Assignment >> At the line with "Rose Quartz Bracelet with Star Charm", start transcribing; stop after the last line of the data below. Keep it exact and leave pictures out.

Material provided >>

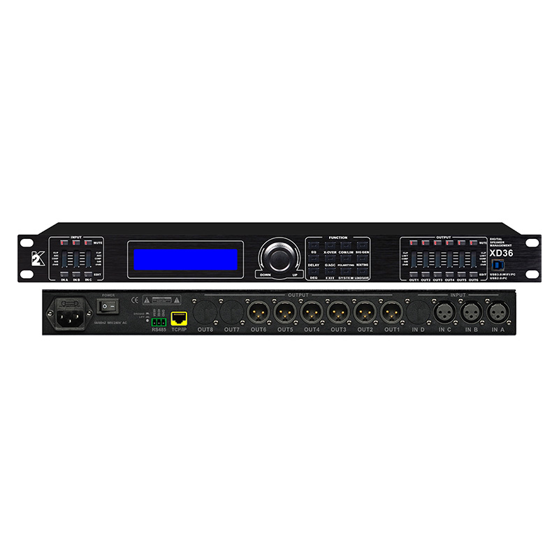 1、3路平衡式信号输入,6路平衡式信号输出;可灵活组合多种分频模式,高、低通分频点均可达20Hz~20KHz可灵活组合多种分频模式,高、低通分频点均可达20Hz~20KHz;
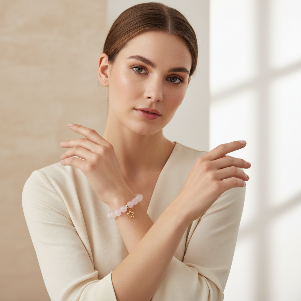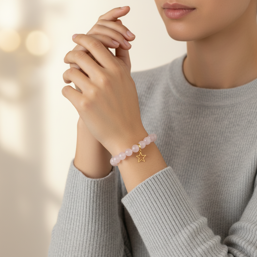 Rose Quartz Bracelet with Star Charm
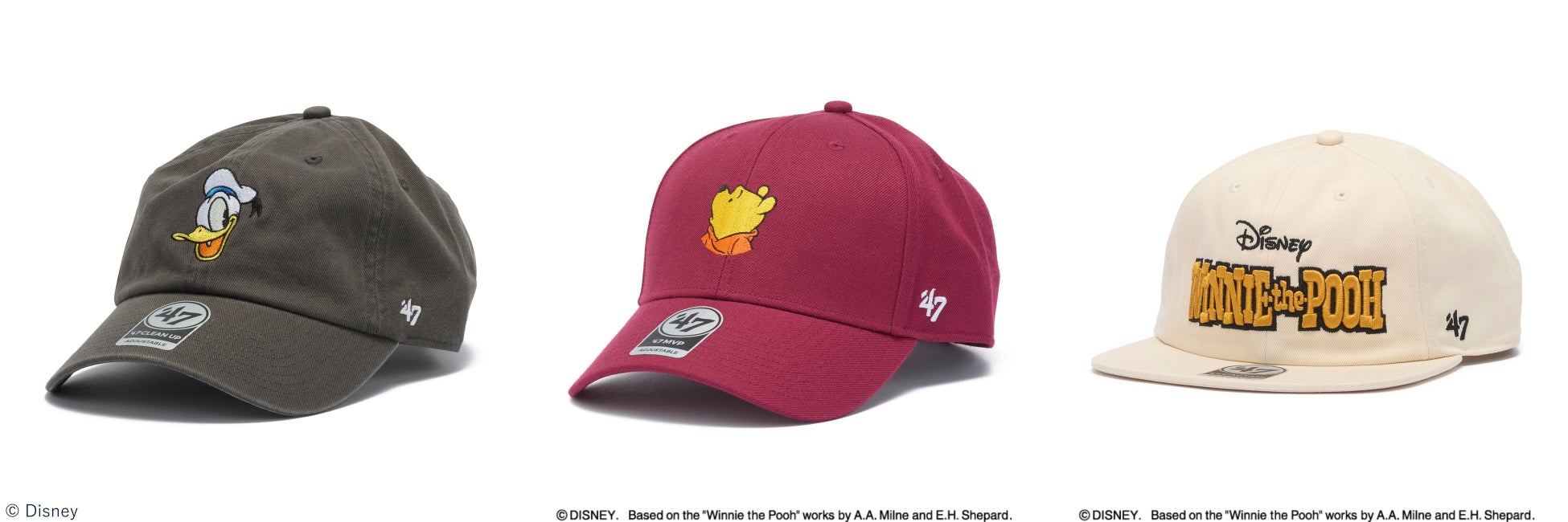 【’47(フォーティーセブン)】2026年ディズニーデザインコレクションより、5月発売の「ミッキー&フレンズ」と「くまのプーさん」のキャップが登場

Task result >>
 Rose Quartz Bracelet with Star Charm
 【’47(フォーティーセブン)】2026年ディズニーデザインコレクションより、5月発売の「ミッキー&フレンズ」と「くまのプーさん」のキャップが登場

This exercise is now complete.